1. The PDF Is Password-Protected
This is the most common reason a PDF won't open or convert. There are two types of PDF passwords: an "open" password that prevents viewing entirely, and a "permissions" password that restricts actions like printing or copying. If you see a password prompt, you need the password from whoever created the file.
If you have the password and just need to remove it for convenience, open the PDF in Adobe Acrobat or Preview (on Mac), enter the password, then save a new copy without protection.
2. The File Is Corrupted
PDFs can get corrupted during download, email transfer, or if the creating software crashed mid-save. Signs of corruption include blank pages, missing text, or the file refusing to open at all.
Fixes:
- Re-download the file from the original source.
- Ask the sender to re-send it — email attachments occasionally get corrupted in transit.
- Try opening it in a different PDF reader. Chrome's built-in viewer, Firefox, and Preview (Mac) each handle edge cases differently.
3. The PDF Is Too Large
Very large PDFs (100MB+) can overwhelm some PDF readers, especially on mobile devices or older computers. The file might open but take forever, or the reader might crash.
Fixes:
- Try compressing the PDF to reduce its size.
- If you only need specific pages, split the PDF and work with individual pages.
- Open it in a desktop app like Adobe Acrobat rather than a browser, which handles large files better.
4. Your PDF Reader Is Outdated
PDF is a living standard — newer PDFs may use features that older readers don't support. If you're using an old version of Adobe Reader or a third-party viewer that hasn't been updated, some PDFs may not render correctly.
Fix: Update your PDF reader, or try opening the file in a modern browser. Chrome, Firefox, and Edge all have capable built-in PDF viewers that stay current automatically.
5. Missing or Broken Fonts
PDFs can either embed fonts or reference system fonts. If a PDF references a font that isn't installed on your system and isn't embedded in the file, text may appear garbled, as squares, or in a wrong font.
Fixes:
- Ask the creator to re-export with fonts embedded (most modern PDF creators do this by default).

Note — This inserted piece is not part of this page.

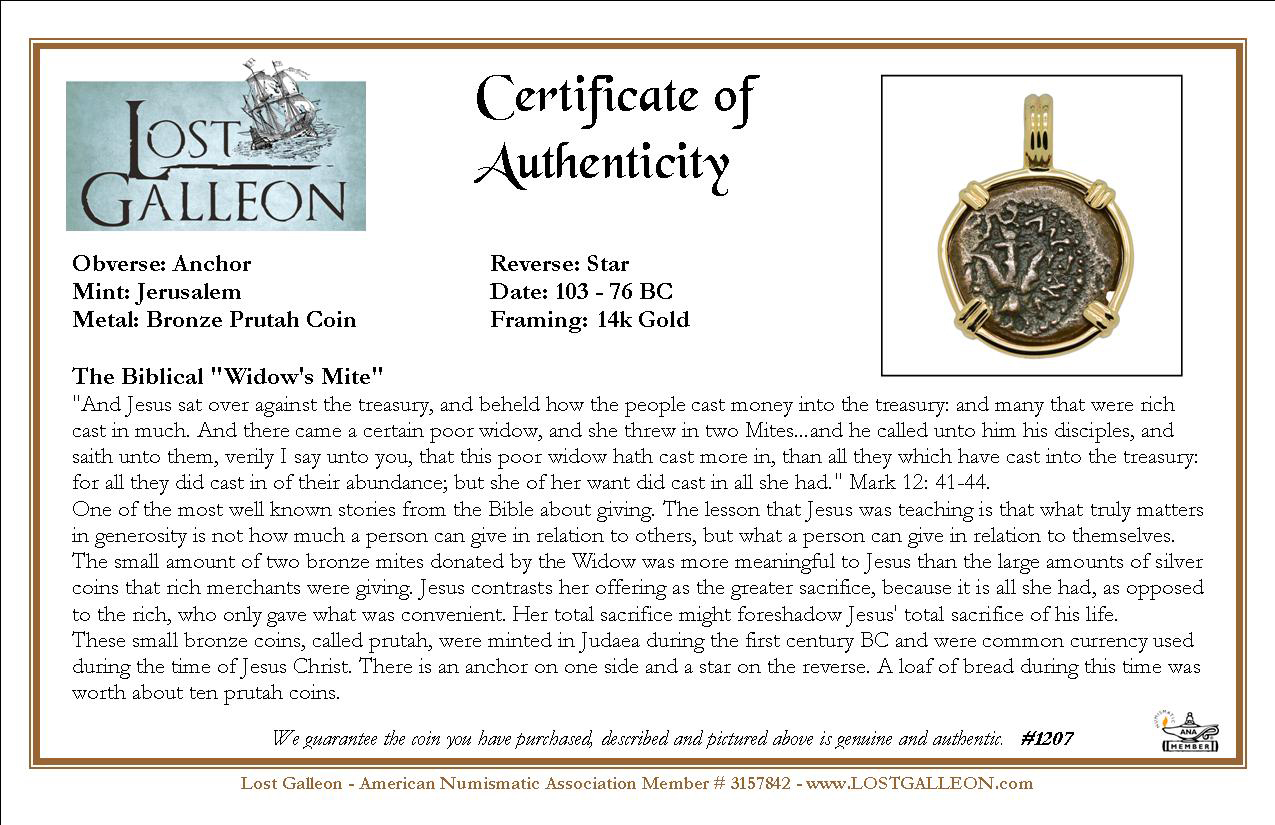 These small bronze coins, called prutah, were minted in Judaea during the first century BC and were common currency used during the time of Christ. There is an anchor on one side and a star on the reverse. A loaf of bread during this time was worth about ten prutah coins.

- Convert the PDF to images using PDF to JPG or PDF to PNG — this renders the text as pixels, bypassing the font issue entirely.
6. The File Extension Is Wrong
Sometimes a file has a .pdf extension but isn't actually a PDF. This happens when files are renamed incorrectly, or when a download gets interrupted and saves an HTML error page as a .pdf file.
Fix: Open the file in a text editor (like Notepad or TextEdit). A real PDF starts with %PDF-. If you see HTML tags or random characters instead, the file isn't a valid PDF — you'll need to get the correct file from the source.
7. Pages Are Rotated or Upside Down
This isn't technically a "won't open" problem, but it's frustrating enough to mention. Scanned documents frequently end up with pages rotated 90° or 180° because the scanner didn't detect orientation correctly.
Fix: Use Rotate PDF to permanently fix the page orientation. Unlike the rotation button in most PDF viewers (which only changes the display temporarily), this bakes the correct rotation into the file itself.
When All Else Fails: Convert to Images
If a PDF absolutely refuses to cooperate — garbled fonts, broken rendering, compatibility issues — converting it to images is often the most practical workaround. Tools like PDF to JPG render each page as a high-resolution image, which you can then view, share, or print from any device. You lose the ability to select text, but you get a viewable document that works everywhere.